A look at Bluff's past - part1
"Upon landing at Bluff, I immediately asked to be shown some
Maoris, but was told that they were very scarce in that part of the
country. Indeed it seemed as though I might as well have asked for
a moa!"
The English author Anthony Trollope on his arrival in Bluff in
1872
Anthony Trollope, 1874, Australia and New
Zealand in Hall Jones - 1976
When he arrived in Bluff from Melbourne in 1872
Anthony Trollope looked aver a somewhat raw
port
town set on a peninsula at the southern
tip of the South Island. It was dominated by a 265 meter hill from
which magnificent vistas spread in all directions To the south and
east lay Foveaux Strait and in the distance Stewart island and
Ruapuke Islands. To the north lay Bluff Harbour itself, beyond to
the north and west the vast expanse of the Southland Plains to
which Bluff was connected by a narrow neck at the northwestern
corner of the peninsula.
Its steep topography and location on a peninsula
combined to make it appear as an island from the sea and to the
Maori it was known as Motupohe, 'island of convolvulus'. Bishop
Selwyn, visiting Bluff in 1844 - 30 years before Trollope -
described its hill as a bold wooded headland standing out of an
extensive plain'
Bluff was not a settlement until the arrival of
Europeans but the area surrounding served a variety of functions
for the Maori before European settlement.
The main Maori settlement in the area which became
known as Southland, was Ruapuke Island, which with its seven pas
was the base of the paramount chief of the South Island, Tuhawaiki,
otherwise known as 'King of the Bluff' or Bloody Jack'. Smaller
Maori settlements were scattered along the Southland coast,
including villages at Ocean Beach, Omaui and Oue on what is now
known as the New River Estuary.
Although a village was established by Te Wero at
Ocean Beach, on the neck of the peninsula, the settlement was
transitory in nature. The Maori people appeared to move in cycles
and Ocean Beach was another stopover point.
A Maori settlement needed a combination of
resources, food and water, flax for clothing and of course a
defensive position. Food sources in Bluff were good, especially
kina and paua, although much flax was speckled and not of good
quality. But one important resource abundant in the vicinity of
Bluff was argillite, which was quarried and worked into adzes at
Tiwai Point across the harbour. Studies have shown that the site
appears to have been used about 500 years ago, but during the
summer months only.
The European arrived in Bluff sooner than in many
other parts of New Zealand. The first record of a boat entering
Bluff Harbour was in 1813 when a Sydney expedition, on board the
'Perseverance', was sent to report on the possibilities of trading
in flax. Robert Williams, an ex-convict who was engaged on the
Perseverance, as an expert flax-dresser and ropemaker provided the
first description of Bluff Harbour. (The fact that Williams was
allowed to leave Australia at all is an indication that his crime
was of a minor nature). The expedition named the harbour 'Port
Macquarrie' in honour of Lachlan Macquarrie, the Governor of New
South Wales. The name was retained until the late 1850's.

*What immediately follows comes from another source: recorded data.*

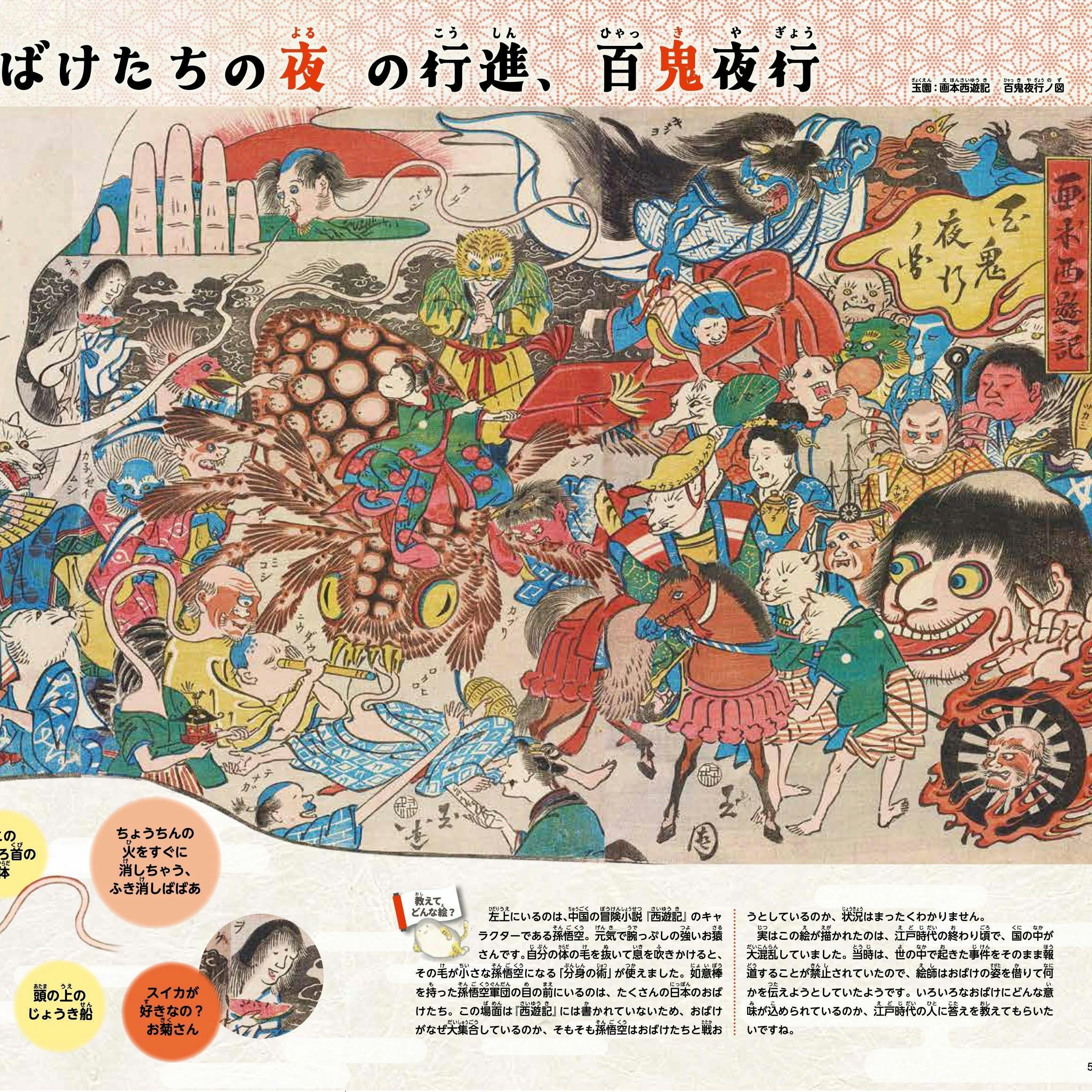 本書に登場するのは、歌川国芳葛飾北斎をはじめとした有名浮世絵師たちが手がけた“ちょっぴり怖い”名画の数々だ。おばけたちを浮世絵のなかから探すあそびを通して「見る」「探す」「発見する」を繰り返すことで、子供の観察力と想像力を引き出す仕立てとなっている。
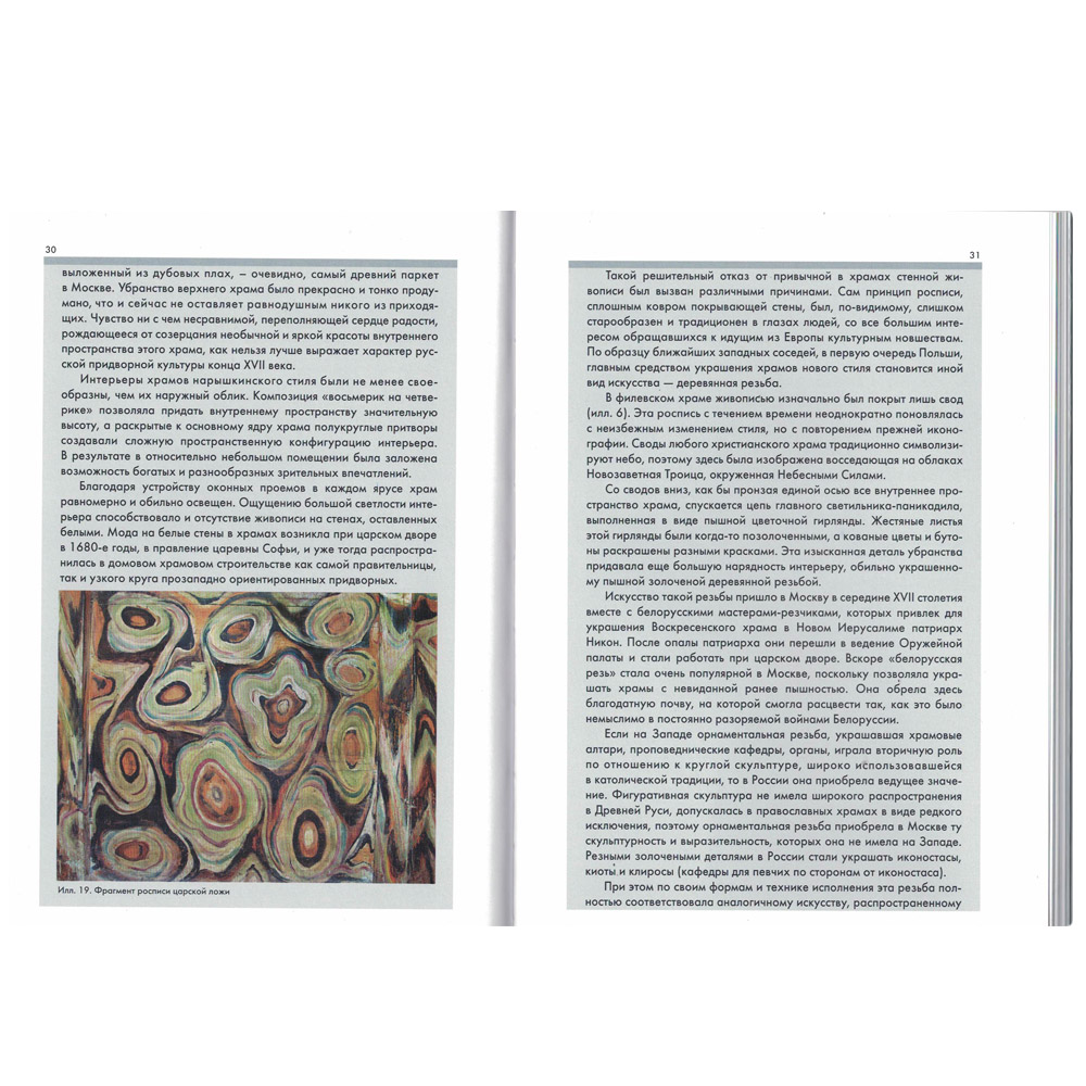 В последние два десятилетия XVII века, на которые пришлись первые годы царствования молодого Петра I, в русской архитектуре сложился и расцвел новый оригинальный стиль. Позднее он получил название "нарышкинского" по имени ближайших родственников царя - строителей необычных, новаторских по своему облику храмов. Лучшим среди них по праву считается построенная Львом Кирилловичем Нарышкиным в его подмосковной вотчине церковь Покрова в Филях (1690-1693) - классический образец нового стиля. Интерьер ее верхнего храма представляет собой целостный декоративный ансамбль, исключительный по своим художественным достоинствам и степени сохранности. Вместе с удивительной по красоте архитектурой церкви он дает яркое представление о характере русской художественной культуры в канун петровских реформ. . .
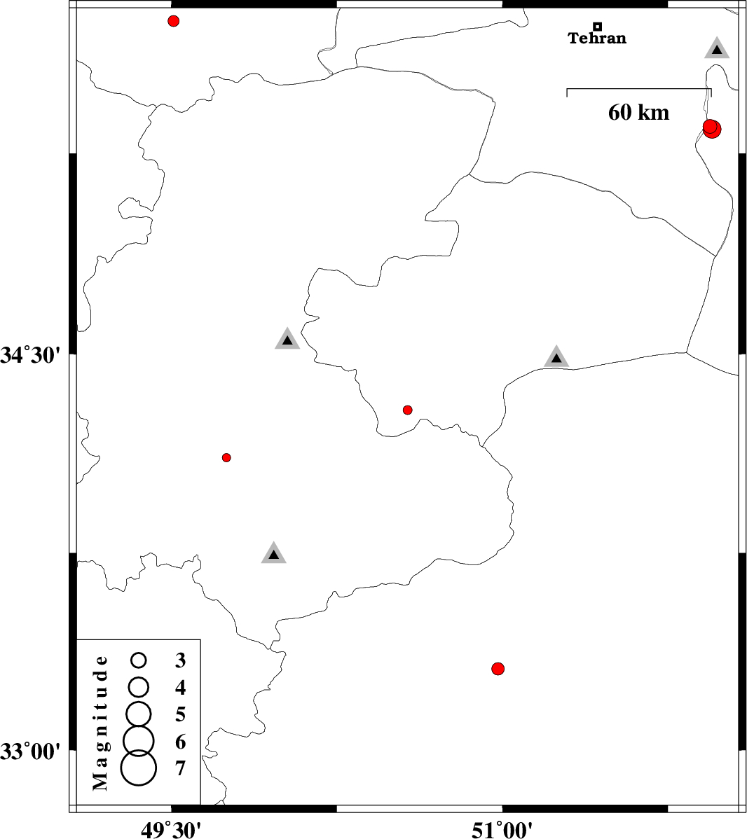 | 2013/05/20 | 09:46:55.1 | 14:16:55.1 | 34.11 | 49.75 | 27 | ML:1.7 | Markazi Province, 6 km Arak | ||

The expedition may not have been the first European
venture to visit Bluff. It is widely held that as early as 1792
there had been extensive whaling and sealing in the area and it is
highly probable that ships engaged in the industry used Bluff
Harbour. About 1806 it is believed, a whaling party visited Bluff
and all party members were killed except a small boy who was raised
by Topi Patuki.
The first European to settle at Bluff was James
Spencer a veteran of Waterloo. he arrived in 1823. aboard the 'St
Michael' while he was a member of Johnny Jones Waikouaiti based
whaling team and returned the following year to establish a
permanent home. Spencer's settlement was one of the earliest in New
Zealand - the first to survive to become a town. Bluff therefore
has a longer history than any other town in New Zealand.